**Activity:** Exactly the lines below starting at the line with "Everyone who has" and ending at the line with "Green Economy &amp;" are wanted, with both ends included. Leave out the pictures and add no other lines.

**Material provided:**

==*==

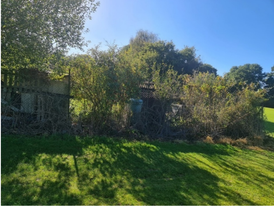
Figure 3: Taken 18 October 2022
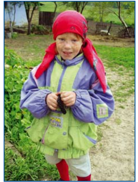
It's never too late to please a child.
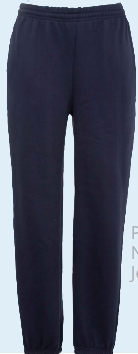
Plain Navy Joggers
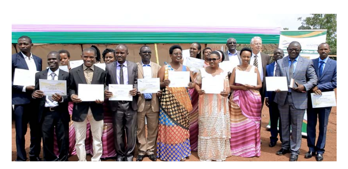
Everyone who has worked in our Kigali office over the past 10 years was honored with a certificate and thanked for their contribution.
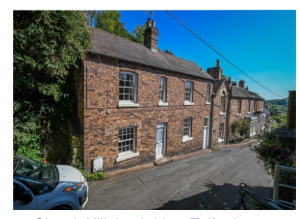
25 Church Hill, Ironbridge, Telford
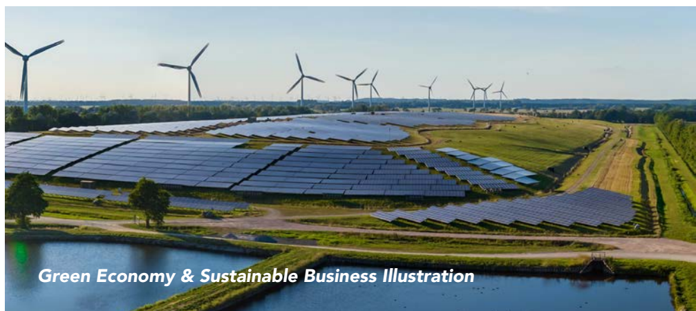
Green Economy &amp; Sustainable Business Illustration

It's really important to get a good grasp of the different business models and strategies in the renewable energy sector, like solar, water, and wind. Plus, there are some exciting opportunities out there in financing and the circular economy! These areas can be key to driving sustainable growth and making a positive impact.

==*==

**Result of the task:**
Everyone who has worked in our Kigali office over the past 10 years was honored with a certificate and thanked for their contribution.
25 Church Hill, Ironbridge, Telford
Green Economy &amp; Sustainable Business Illustration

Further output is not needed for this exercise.